Goose Game Logic built with JDK 11.0.12.
The logic of this game is the same than the original goose board game, with the exception that when users play their first turn and the value of their dice thrown is 9, being the thrown values of dice 3 and 6, they move to square 23 instead of 26.
Rules were extracted from Spanish Goose Game Wikipedia page, consulted between June and July of 2023.
As the game has different kind of Square whose behavior defers depending on their specific kind, it was decided to create an abstract Square class whose abstract method landedOn is implemented in their children:
- BridgeSquare
- BronzeSquare
- DiceSquare
- GooseSquare
- InnSquare
- LabyrinthSquare
- JailSquare
- RegularSquare
- SkullSquare
Tradeoffs of this decision:
- Implementing new children of Square does not break existing children and they can reuse existing functionality already built in Board
UML class diagram:
Board is the information expert of squares. It is responsible of:
- knowing how many squares there are,
- knowing in which squares players are located, and
- performing the corresponding operations during the game
So, though squares own a different behavior depending on its kind, this behavior is performed by Board, actually. Board acts here as a mediator while squares are participants.
Tradeoffs of this decision:
- Too much functionality in Board class can lead to the so-called God class antipattern.

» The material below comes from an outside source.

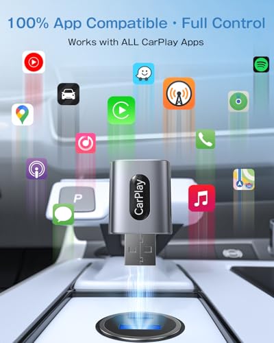 - 【Ultra-Mini Design – 50% Smaller Than Others】Say goodbye to bulky dongle. Our wireless CarPlay adapter is up to 50% smaller than most competitors—so compact, you’ll barely notice it’s even plugged in. Seamlessly upgrade your factory-wired CarPlay to wirefree for navigation, music, Siri, calls & messages—without messy cables., 【Universal Compatibility – Works with 800+ Car Models】This wireless car play adapter for iPhone supports 98% of vehicles with factory-wired Apple CarPlay. Compatible with iPhone 6 and newer, running iOS 10 or later. Just plug in and go—exclusively for wired Apple CarPlay systems. Does not work with Android Auto., 【Fast 3-Step Setup – Reconnects in Seconds】No apps. No hassle. Plug the adapter into your USB port, do a quick Bluetooth handshake, and the device automatically switches to high-speed Wi-Fi for CarPlay data. After this one-time setup, it reconnects in about 5 seconds each time you start the car—even with your phone still in your pocket., 【7A Dual-Band Chip – 40% Faster & Smoother】Powered by the latest flagship - level intelligent IC chip and a high - speed processor, our adapter delivers unparalleled performance. Switch between maps, music, and calls with zero lag., 【Hi-Fi Audio Quality – No Compromise on Sound】Hear your music the way it was meant to be. The CarPlay wireless adapter preserves your car’s original sound fidelity—no static, no drops, just crystal-clear audio every time., 【Lifetime Updates + 2-Year Warranty】Lifetime firmware updates and a 2-year warranty, backed by responsive 24/7 customer support. We’re here to help—quickly and reliably.

DiceModel is a simple class providing methods for rolling and getting value.
DiceService provides methods for:
- get the value of 1 dice rolled
- get the value of 2 dice rolled
- get the value of 2 dice rolled with a different return values in these cases:
- dice values are 3 and 6
- dice values are 4 and 5
DiceServiceSingleton gives the only instance of DiceService needed in execution time.
Tradeoffs of this decision:
- If new functionality is needed as for dice, it is only necessary to implement in DiceService not breaking existing uses of it
UML class diagram:
As players' behavior varies depending on its state, the behavior is delegated to its state.
So, what players do during their turn depends on:
- It is player's 1st turn
- It is a regular turn with 2 dice
- Player is in a square from which (s)he must use 1 dice
- Player cannot play in x number of turns
Tradeoffs of this decision:
- 1 new state needs change in various places, but it protects existing player use from being broken
UML class diagram:
System is designed so that once game is over, no more actions are allowed unless a new game is initiated.
So, Board object acts differently when game is running from when is over. State pattern was implemented to avoid checking if the game is over before every single turn (Tell-Don't-Ask).
Tradeoffs of this decision:
- 1 additionally class that does nothing: GameOverState
- 1 less computational step in every single turn played
UML class diagram:
This decision might be an example of over-engineering. Anyway, the reasoning of its implementation is to hide complex code by providing methods with more intuitive names.
For instance,
PlayerStateHandler.setNoTurnsState(player, turnsNumber);
is more intuitive than:
player.setPlayerState(new PlayerNoTurnsState(player, turnsNumber));
Tradeoffs of this decision:
- Adds an additional layer that:
- reduce performance, and
- reduce complexity
This is the way to enclose all the game logic in a simple class that provides a few methods to run all the game:
- initGame(playersNumber)
- playNextTurn
Tradeoffs of this decision:
- Clients using it are protected from changes in it, as if something changes in game logic, clients using it do not need to be modified
UML class diagram:
This class is out of the game logic. It is just an example of console application acting as client that consume GooseGameLogicFacade.